Data Engineer Hub

Data Modeling and Warehousing

In short

Data modeling is the part of data engineering that survives the longest and rewards the most disciplined thinking. Pipelines get rewritten every two years; table designs you ship today will still be feeding dashboards, ML features, and regulatory reports a decade from now. Get the grain wrong, denormalize the wrong axis, or pick the wrong table format and you will be paying for that decision every time the business asks a new question. The modern stack has not abolished this craft; it has multiplied the choices. You now have to decide between Kimball star schemas, Data Vault 2.0, and the Activity Schema at the modeling layer; between Iceberg, Delta, and Hudi at the table-format layer; and between bronze / silver / gold layering, staging / intermediate / marts in dbt, or a Data-Vault-fed Kimball stack at the architecture layer. The senior bar in 2026 is making these choices deliberately, with reasons that survive a calibration review, not by default or by whatever the last team did.

Key takeaways

  • Star schemas win for human-readable analytics; snowflake only when the dimension is genuinely large or shared.
  • SCD Type 2 with effective-from/effective-to windows and a row-hash change detector is the production default.
  • Bronze/Silver/Gold is a contract architecture; each layer promises something different to its consumers.
  • Joining facts to dimensions on the surrogate key valid at the time of the event is what makes SCD Type 2 worth the cost.
  • Iceberg for multi-engine, Delta for Databricks-native, Hudi for streaming-first CDC. The catalog is the real lock-in.
  • Data Vault 2.0 belongs in the integration layer, not the serving layer; never expose hubs and satellites to BI tools.
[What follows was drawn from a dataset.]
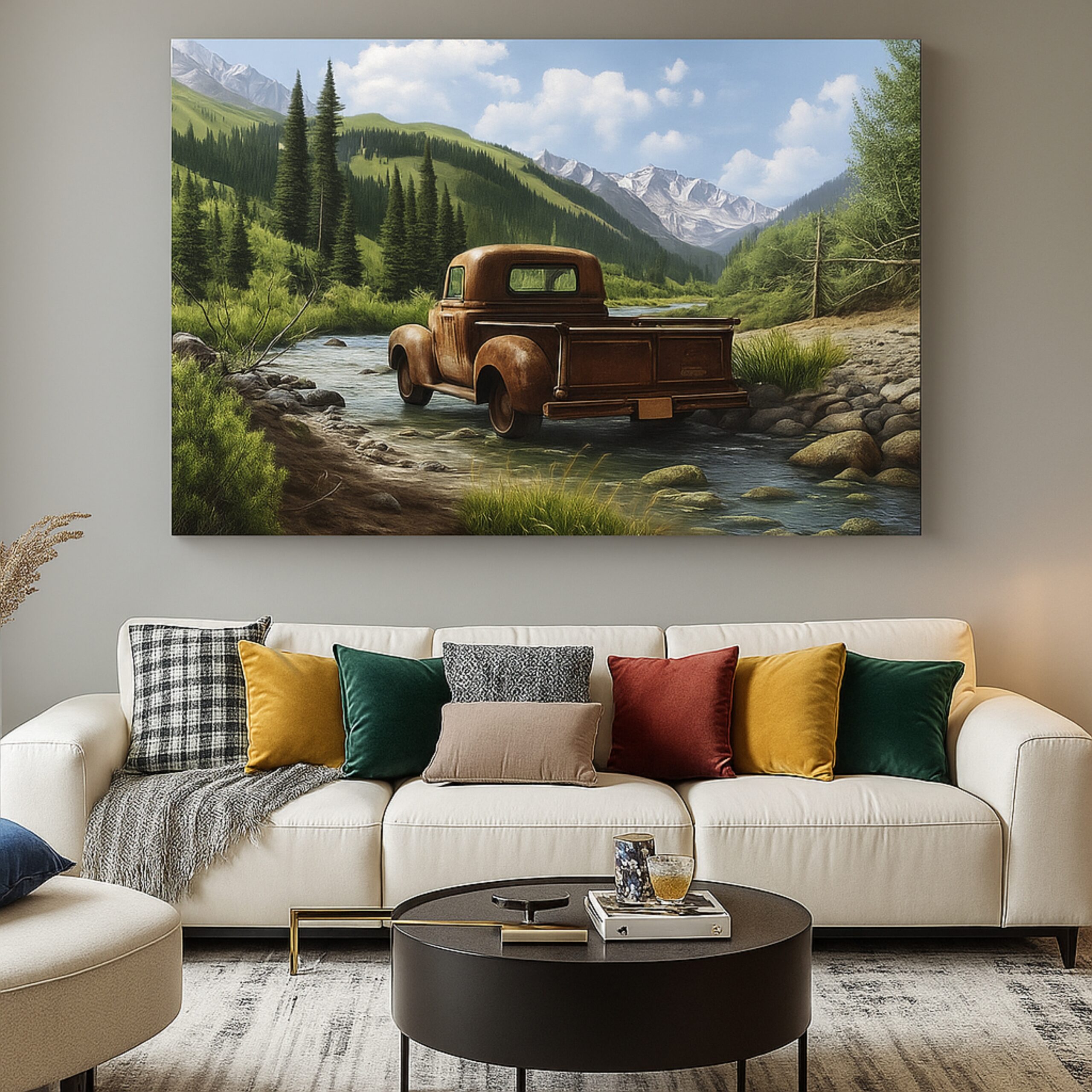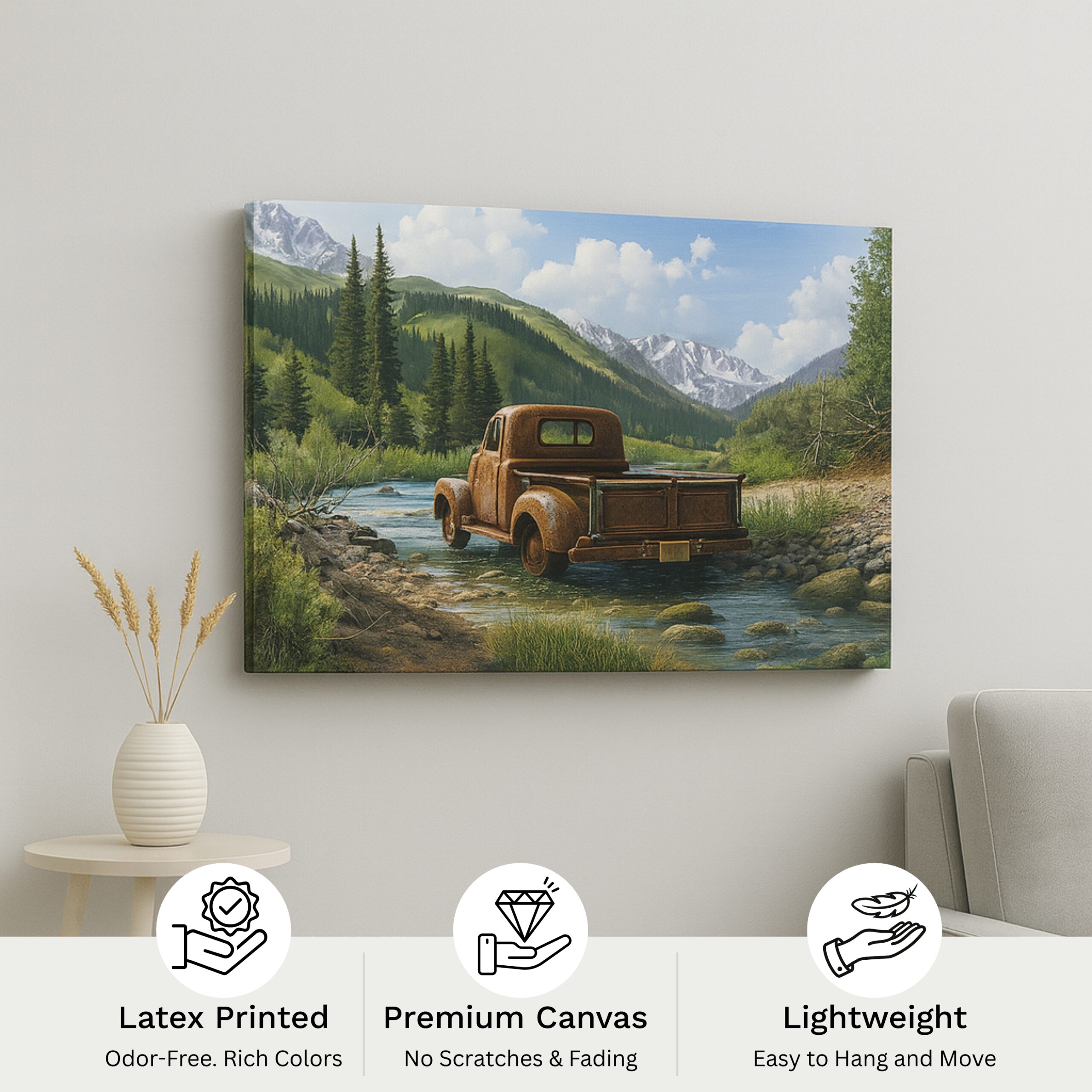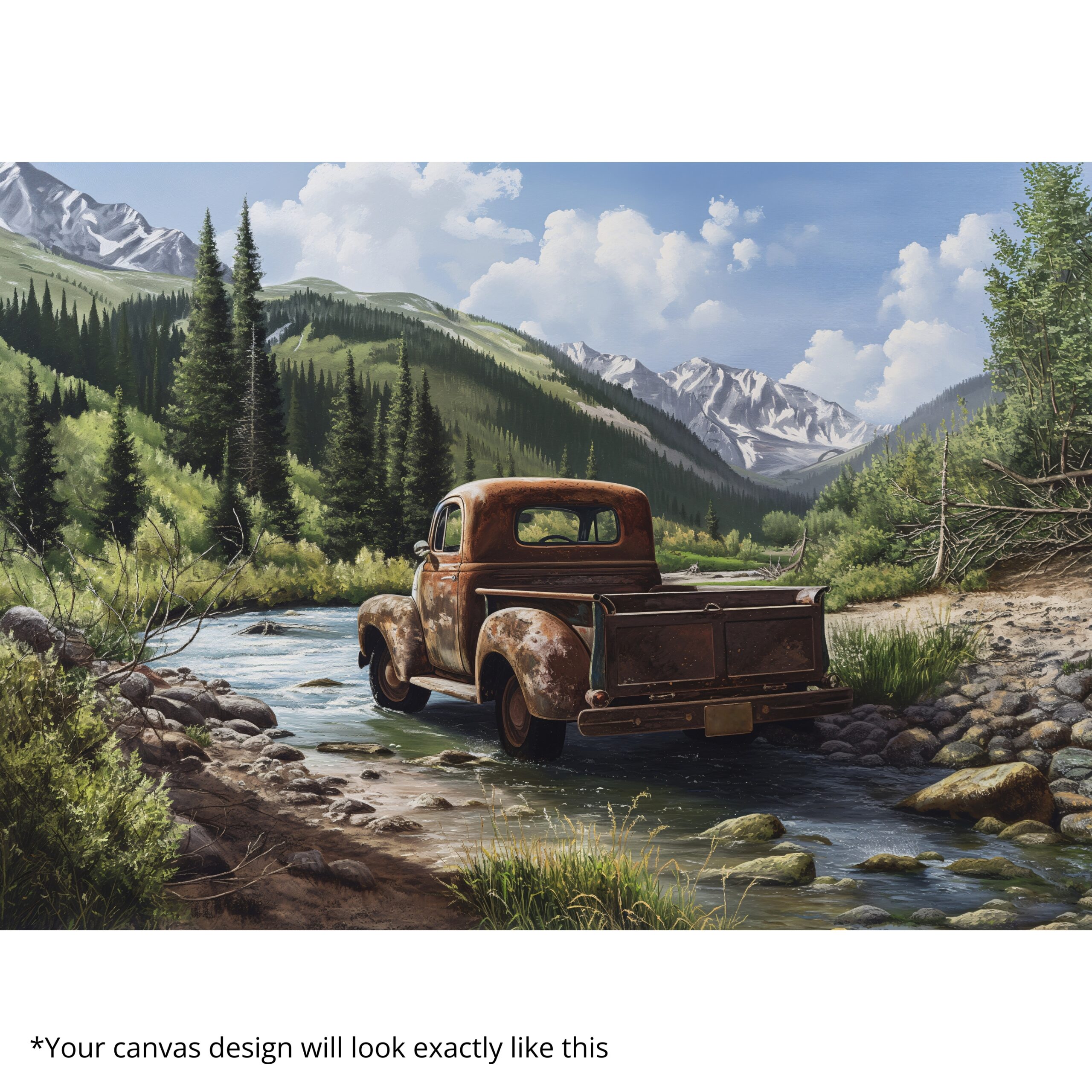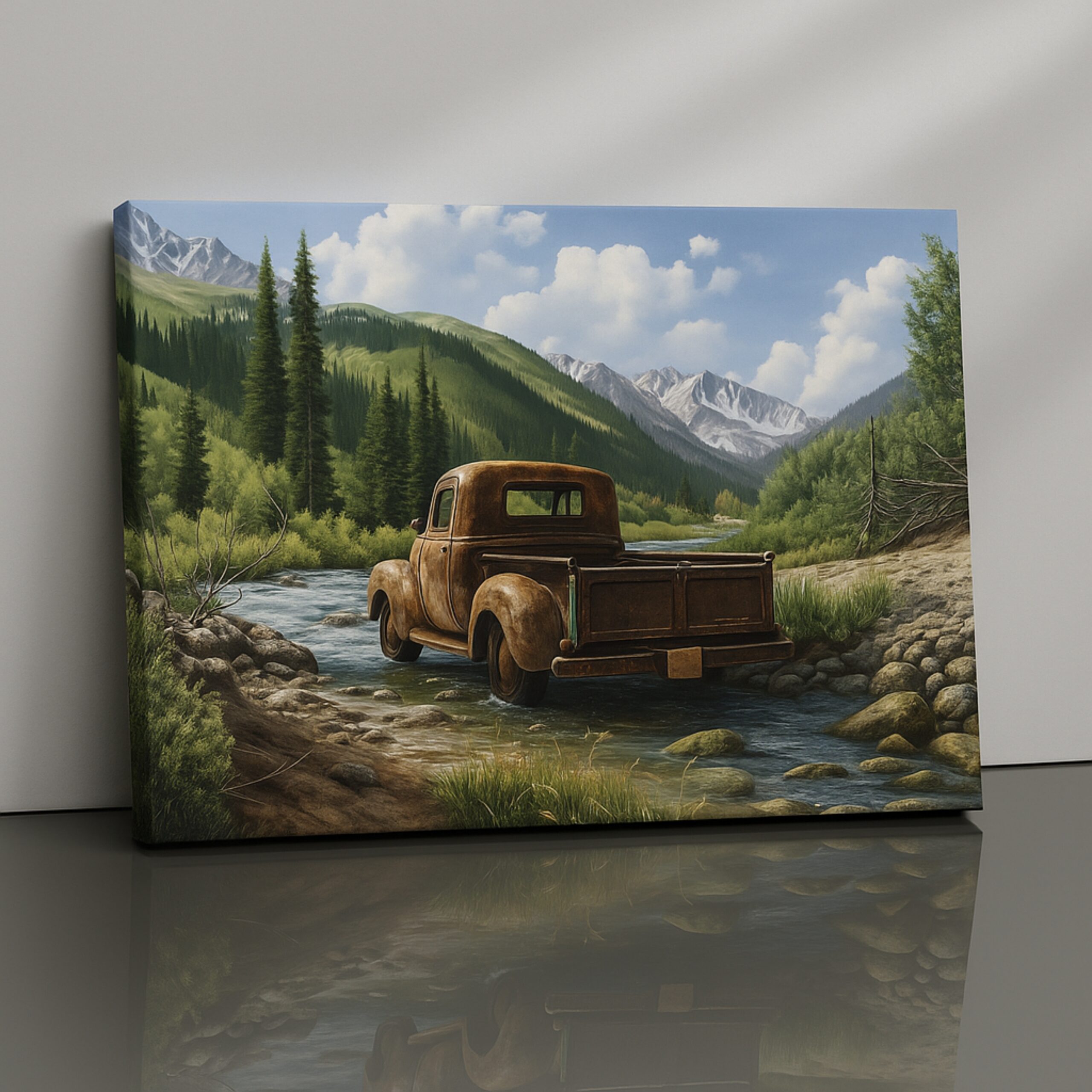 Canvas Print of Rustic Echo captures nostalgia, solitude, and resilience through a vintage truck resting beside a mountain stream. Its weathered metal set against a backdrop of pines and snowy peaks tells stories of journeys, stillness, and endurance. With earthy tones and rustic charm, this artwork creates a warm, nostalgic presence in interiors.

Kimball stars beat Data Vault and Activity Schema for serving

The right way to frame the modeling-paradigm question in 2026 is not which is best but which belongs at which layer. Three paradigms are alive: Ralph Kimball's dimensional model (star and snowflake schemas), Dan Linstedt's Data Vault 2.0 (hubs / links / satellites), and Ahmed Elsamadisi's Activity Schema (the Narrator model). Bill Inmon's third-normal-form enterprise data warehouse is the fourth historical paradigm; it is mostly gone from greenfield builds in 2026, surviving in finance and regulated industries where the original warehouse predates the lakehouse era.
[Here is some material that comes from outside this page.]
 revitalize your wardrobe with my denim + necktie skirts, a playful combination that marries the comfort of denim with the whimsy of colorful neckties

Kimball dimensional modeling is the default for the serving layer (the Gold / marts layer that BI tools, analysts, and ML features read). A fact table holds the events at a chosen grain (one row per order line, one row per page view, one row per session); dimension tables hold the descriptive context (customer, product, store, date). The Kimball Group's published patterns at kimballgroup.com/data-warehouse-business-intelligence-resources are still the canonical reference; the discipline is durable across warehouse, lakehouse, and federated query engines because the model is about how humans and BI tools think about the business, not about the physical storage. A senior DE who cannot draw a star schema for a checkout funnel on a whiteboard inside five minutes will fail a Snowflake or Databricks loop; Tristan Handy and the dbt-Labs team have been blunt that the analytics-engineering hire bar is fluency with Kimball.

Data Vault 2.0 belongs at the integration layer, not the serving layer. The hub / link / satellite decomposition (one hub per business key, one link per relationship, one satellite per attribute group with load timestamps) buys two things the star schema does not: painless schema evolution as upstream systems drift, and auditable lineage at the row level for regulated environments. It pays for those benefits with brutal query complexity; analysts cannot read a Data Vault. Use it as the Silver layer for many-source integrations (think a bank merging fifteen core-banking systems after an acquisition) and build Kimball stars on top for Gold. Skipping straight from raw Bronze to a Kimball star is the right call for most teams under fifty sources.

The Activity Schema (the Narrator model, popularized by Ahmed Elsamadisi) compresses an entire warehouse into one append-only table with the columns customer_id, ts, activity, feature_json, plus computed activity_occurrence and activity_repeated_at. Every metric is a SQL pattern over this single table. The pitch is real (one table, two columns of indexing discipline, every behavioural metric becomes a window-function query); the critique is also real. The Activity Schema punishes you at the join boundary; once analytics has to combine behavioural events with non-event dimensional data (price tier, product hierarchy, marketing attribution windows) the elegance dissolves and you end up rebuilding a star schema next to it. The wrong answer is to ship a pure Activity Schema as the entire warehouse and tell the BI team to write window functions; the right answer is to use it for the behavioural-funnel subdomain where it shines and keep Kimball as the rest of the Gold layer.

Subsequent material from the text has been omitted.